Cardanoscan (the transaction number above is linked to it) says that it really should be there, but your node does not seem to know it. That’s why I would conclude not fully synced.
You can do cardano-cli query tip --mainnet to see the sync status.
Perhaps, you have to do export CARDANO_NODE_SOCKET_PATH="/run/cardano-node/socket" before that, so that cardano-cli knows, where to find the node.
Thanks you are right! I thought it was done since I synced for 1.5 days and the db folder size didn’t change in hours. It’s at 99.7%.
Sorry I know this is offtopic but I have also a minor issue with users. I currently have a user that’s in the group cardano and I set the same permissions for owner and group. However the socket file might reset after restart leading to a permission error for the socket. I’m thinking my approach to manage the users might be flawed. Is there a best practice for this issue?
Could be stuck. Check if the cardano-cli query tip --mainnet output changes at all. At least, slots and blocks should change. Percentages change very slowly in the more recent, more crowded part of the chain.
Sorry, I don’t know. I just let the node and cardano-cli run as the same user.

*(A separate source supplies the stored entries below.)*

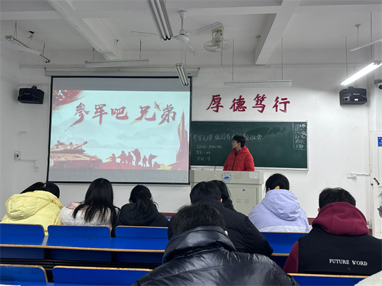 为了响应国家征兵工作的号召,加强对员工的征兵政策宣传和理解,提高员工的国防意识和责任感,医学院于12月21日组织各班级举办了2024年征兵宣传主题班会。
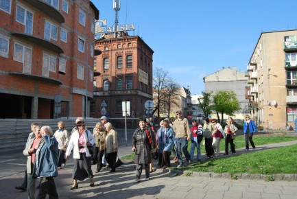 Grupa z przewodnikiem Stefanem Szymczakiem na ulicy 3 Maja gdzie w latach dwudziestych XX wieku zbudowano dwie szkoły podstawowe.
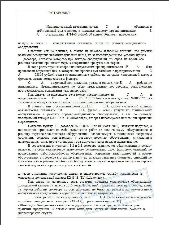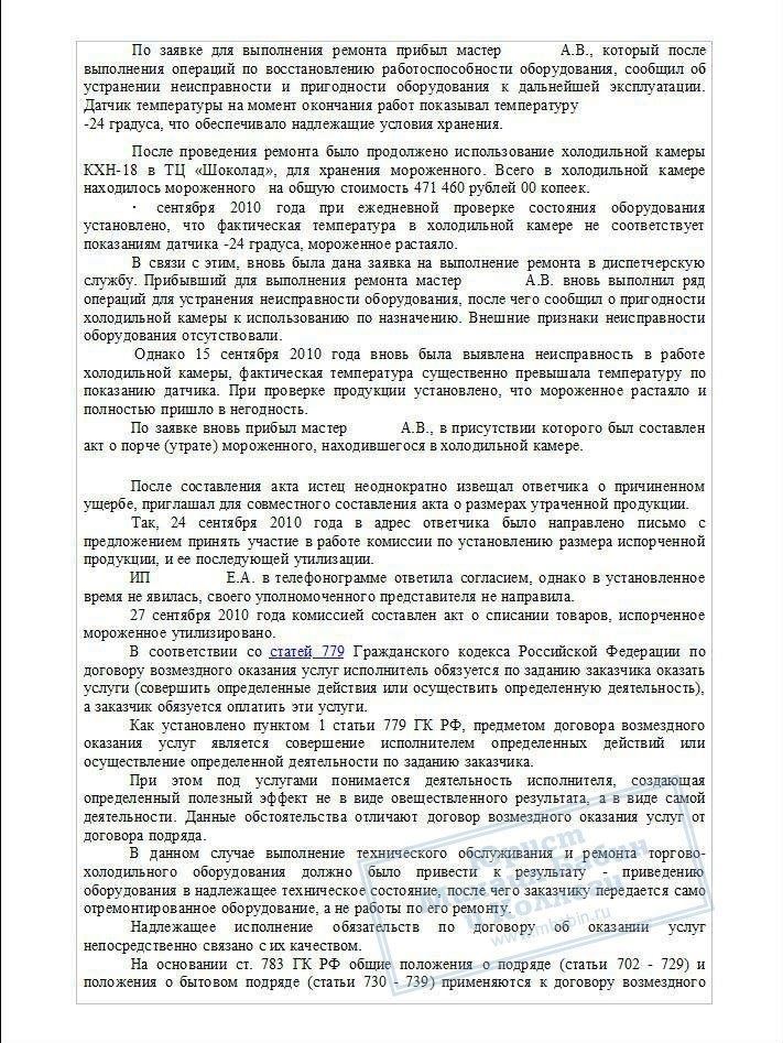 Несвоевременный и некачественный ремонт холодильной камеры привёл к порче мороженого на сумму свыше 450 000 руб. Обслуживающая организация отказалась платить. Адвокат доказал причинно-следственную связь и помог взыскать полную сумму убытков, а также отклонить встречный иск исполнителя.
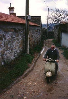 Finalmente, vemos en una foto relativamente reciente, a Juan Padre circulando por el Camiño da Quintela en Navia, un día lluvioso, antes que este camino fuese cementado y alisado por los vecinos del lugar.
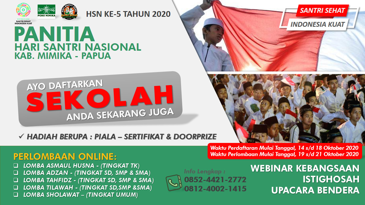TIMIKA, (timikabisnis.com) – Sejumlah kegiatan dan lomba akan mewarnai puncak peringatan Hari Santri Nasional (HSN) ke 5 di kabupaten Mimika, Papua yang akan jatuh pada tanggal 22 Oktober 2020 mendatang.
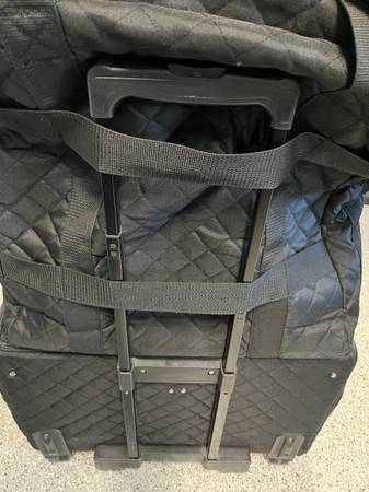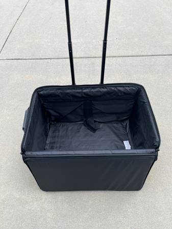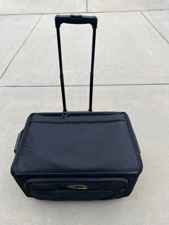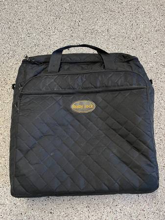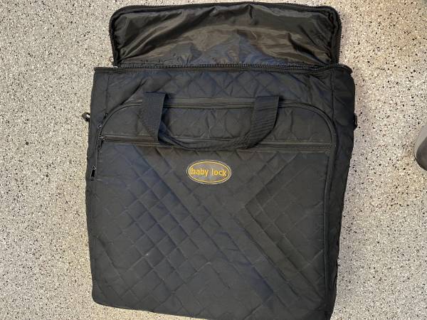 Gently used Babylock sewing trolley for Destiny (or similar sized) embroidery machine. Separate carrier for sewing machine and embroidery platform. Nylon exterior with pockets for accessories and incidental items. Interior dimension of sewing machine carrier is
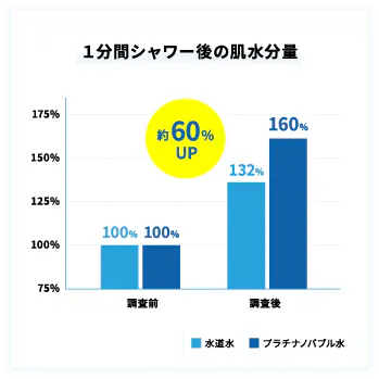 【測定条件】腕を洗顔料で洗浄後、20℃±1℃の室内で15分順化。シャワーを前腕部内側に1分間当てた後、肌水分量を測定した。
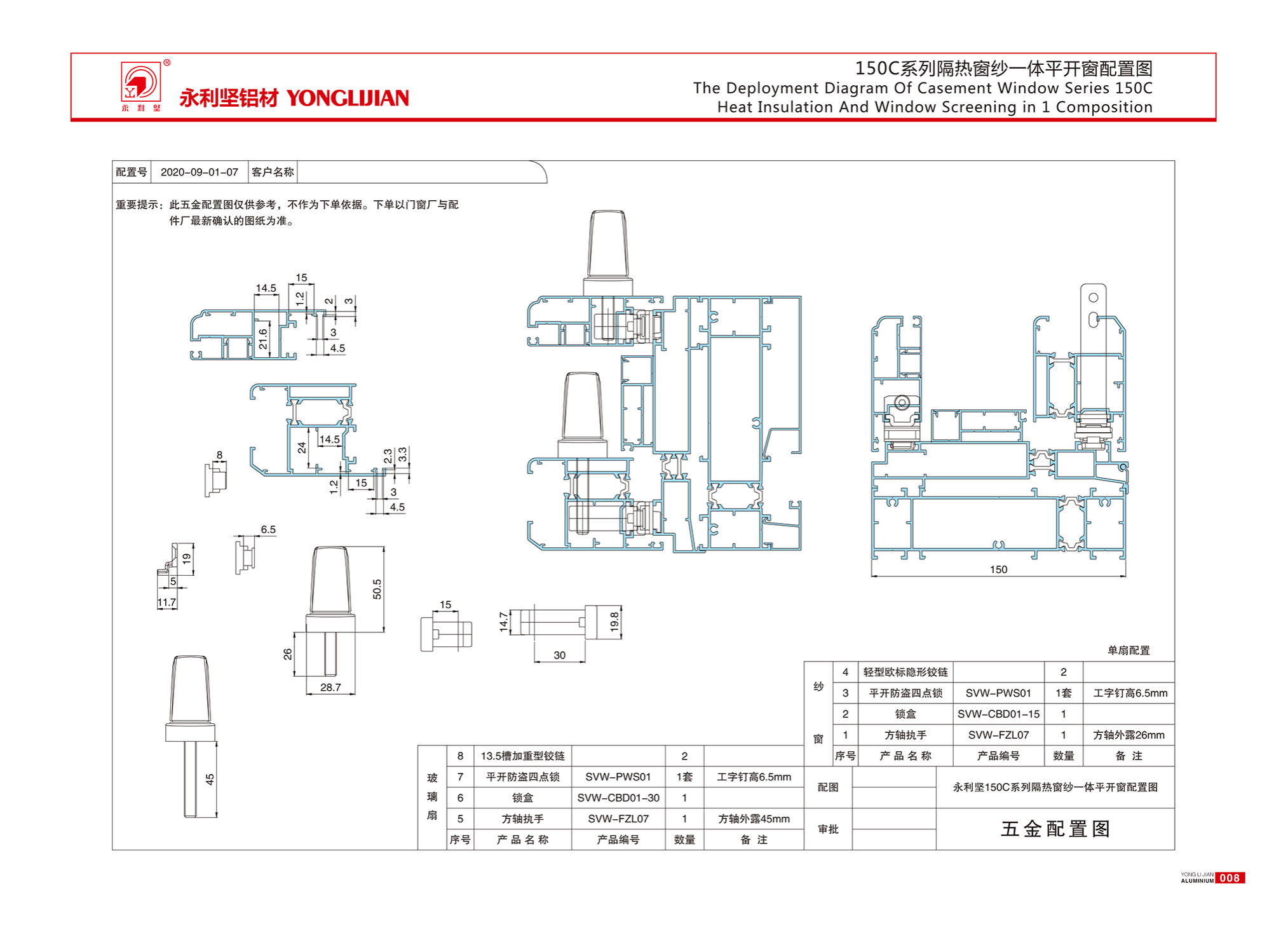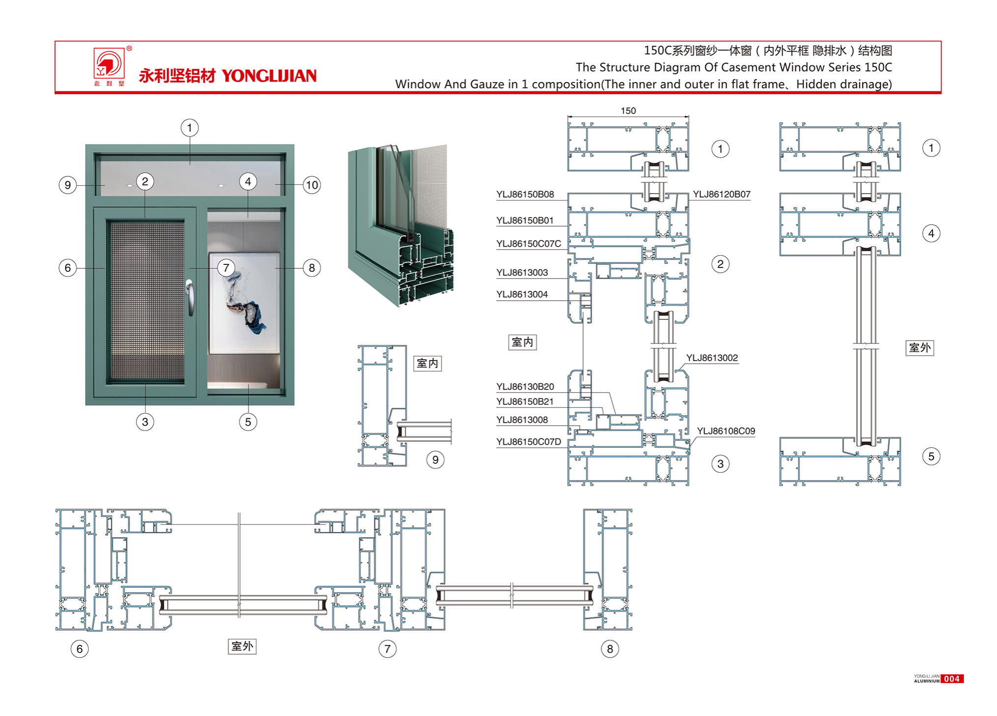 150C series heat insulation window screen integrated window (inner and outer flat frame, hidden drainage)
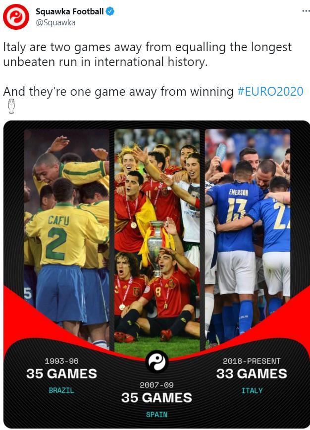 意大利连续33场不败,距追平世界纪录只差2场
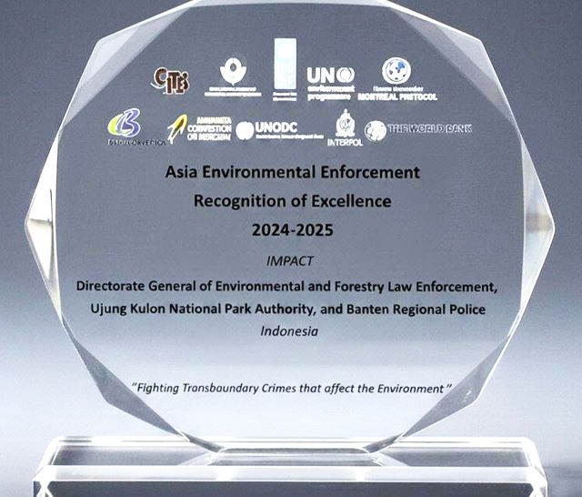 Penghargaan ini, diberikan sebagai bentuk apresiasi atas keberhasilan dan komitmen TNUK dalam upaya penegakan hukum lingkungan, khususnya dalam penanganan kasus perburuan Badak Jawa.
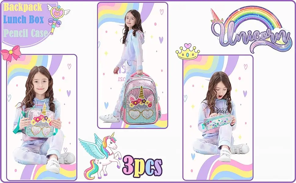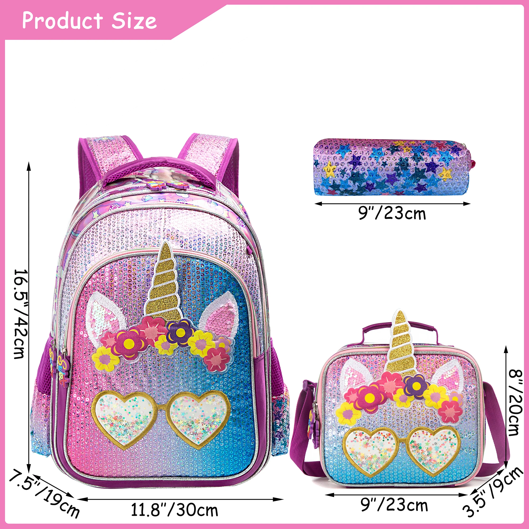 • 🧜‍♀️[Girls Backapck Size] Mochila: 16.5 "X11.8" X7.5 "Lunch Box:9" X8.2 "X4.3" Lápis Case:8.6"
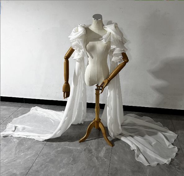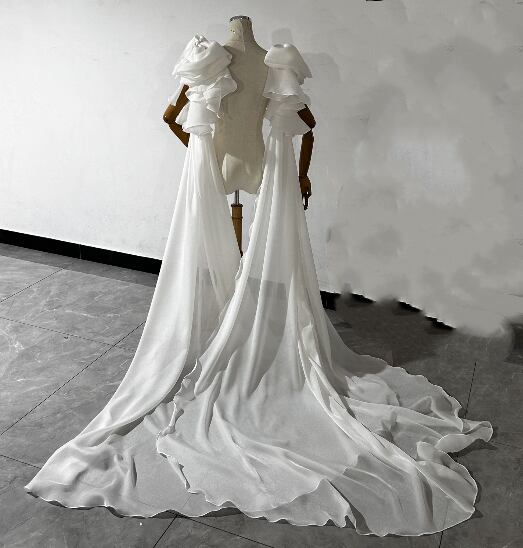 送料無料 !上品!ホワイト ロングトレーン ポンチョ /結婚式/披露宴/

It seems to create the socket with rwxr-xr-x. So, the group wouldn’t be allowed to write to it. But this might be because of my umask set to 0022.
To let the recreated socket be writable by a specific group, maybe ACLs would help. I’m doing that for things on my web server (files belonging to the user’s group, but also accessible, partly writable by www-data, which is the group the web server runs in).